Ольша небывало воодушевилась и составила список. Потом устыдилась и выкинула половину. Потом дописала ещё несколько пунктов, попыталась что-нибудь вычеркнуть, почти расплакалась от жадности, за завтраком сидела смурная и вяло копалась в омлете и собственной меланхолии. Потом опомнилась и написала в ответ:
Привет! Большое спасибо, я подумаю.
Ольша уже писала Бренту письма. После того первого, выпрашивающего и стыдного, были ещё два, такие же позорные и жалобные. Все три она сожгла в печи.
На эмоциях кинула в огонь ещё и все свои конфетные фантики, а потом вытаскивала их голыми руками, заполошно тушила и поливала слезами.

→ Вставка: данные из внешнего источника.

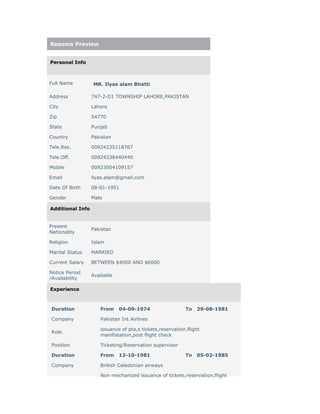 This resume is for Mr. Ilyas alam Bhatti, a 68-year-old male from Lahore, Pakistan. He has over 40 years of experience in airline ticketing and reservations, including roles as a Ticketing/Reservation Supervisor at Pakistan International Airlines from 1974 to 1981 and working for British Caledonian Airways from 1981 to 1985. He is seeking full-time employment and has strong skills in teamwork, leadership, communication, and customer service according to his self-ratings.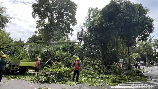 Berdasarkan pantauan detikSumut, Selasa (10/6/2025), kondisi sebagian badan Jalan Sudirman menuju Jalan Slamet Riyadi ditutup. Beberapa petugas tampak memotong batang-batang pohon yang mengenai gedung Kantor Pos Medan.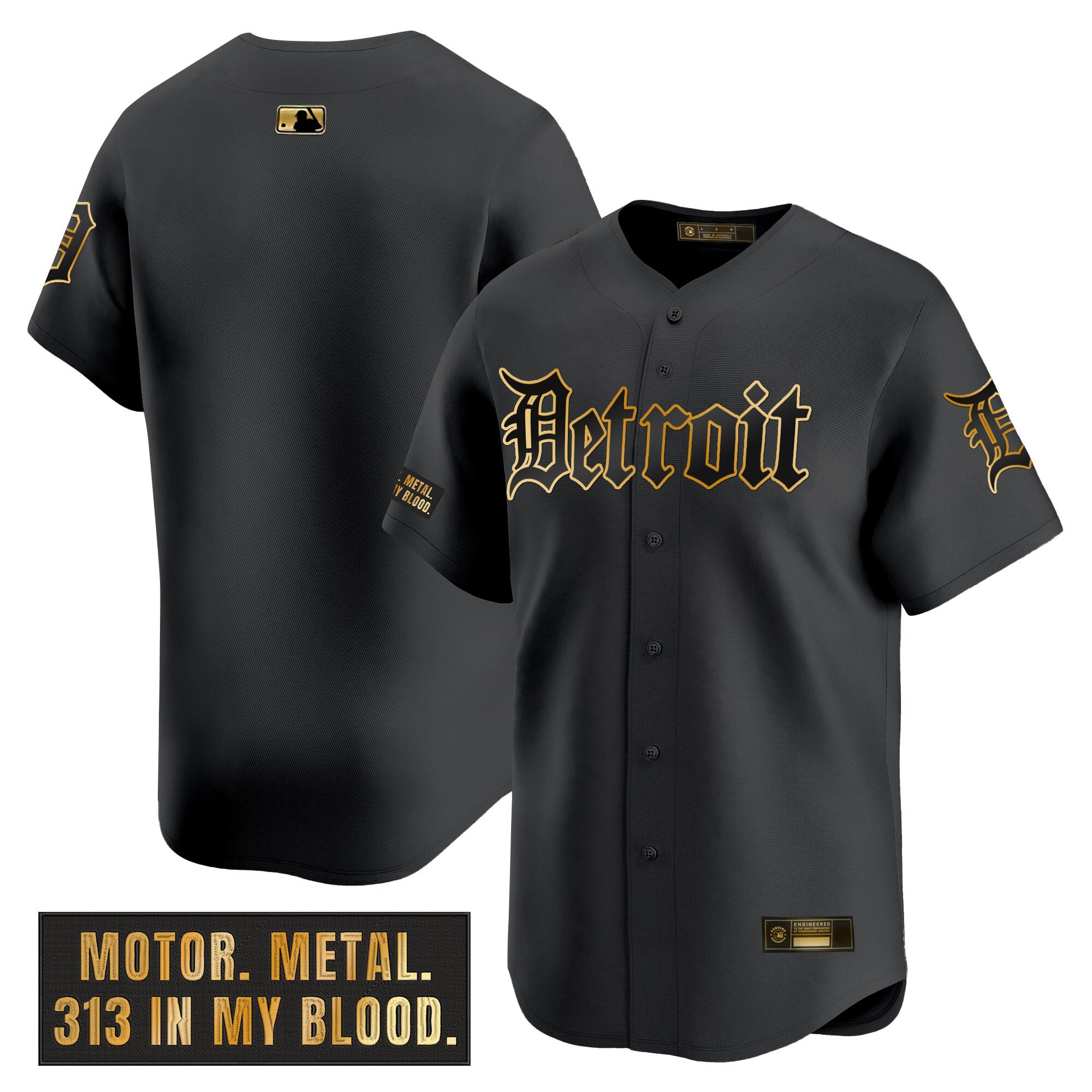 Men’s Detroit Tigers ‘Motor Gothic Edition’ Gold Vapor Premier Limited Jersey – All Stitched

Теперь переписываться с Брентом было странно и неловко. Ещё более странно было тратить бумагу — дорогое вообще-то удовольствие, один такой рулончик стоил полторы сотни лёвок. Ольшина зарплата не предполагала таких трат, и она старалась писать мелко и отрезать совсем крошечные кусочки.
Брент написал ещё раз, спросил, как ей понравились конфеты. Пришлось ответственно дегустировать их и нахваливать (было за что); увлёкшись, Ольша пошутила про слишком ядрёный ликёр, Брент что-то такое ляпнул про пьяненьких девушек, Ольша возмутилась…
В общем, как-то очень быстро случилось, что они обменивались пятью-шестью записками в день. А однажды Ольша сообразила, что на бумаге можно не только писать — и нарисовала парочку жизнерадостных собак, мохнатого здоровяка с кудрявыми ушами и тонгоногую игривую псинку с длинным носом.
Животным чужды человеческие условности, поэтому ничего не помешало им с любопытством обнюхать друг друга, а мелкой собачонке потом спать на своём плюшевом друге сверху. Прикусив губу, Ольша долго тренировалась в тетради изображать собачий секс, но в итоге незаметно перешла на человеческий и снабдила Брента дивным иллюстративным материалом к своим планам на выходные.
Брент в ответ нарисовал октаэдр, октаэдры отлично ему удавались. К пятнице Ольша успела забыть о собственном хулиганстве, а Брент привёз ей библиотечные книги по собственному выбору и те самые порнографические иллюстрации, чтобы с большим энтузиазмом воплотить их в жизнь.
Было очень стыдно. И очень жарко. Особенно когда Брент, картинно поправляя несуществующие очки, «сверялся с планограммой мероприятий», а потом вне всякого графика практически жрал на ней новенькие кружева…
Я падшая женщина, твердила себе Ольша. Развратная огневичка, потонувшая в порочных телесных удовольствиях. У меня есть любовник, мы с ним занимаемся увлекательным сексом в разных позах!
Как развратной огневичке и падшей женщине, Ольше полагалось быть искушённой и раскрепощённой. И у неё ведь даже был какой-то опыт, другие мужчины до Брента, она уже что-то пробовала… нарисовала познавательную инфографику, опять же, девушка с богатым воображением… а всё равно многое было для неё внове. И сама эта игра с «расписанием», от которой сладко сжималось в низу живота, и то, как Брент провожал её тёмным взглядом, пока Ольша переодевалась, и то, как он говорил про «исполнение её желаний», как будто это она чего-то пожелала, а он галантно, как настоящий джентльмен, помогал ей воплощать фантазии в жизнь…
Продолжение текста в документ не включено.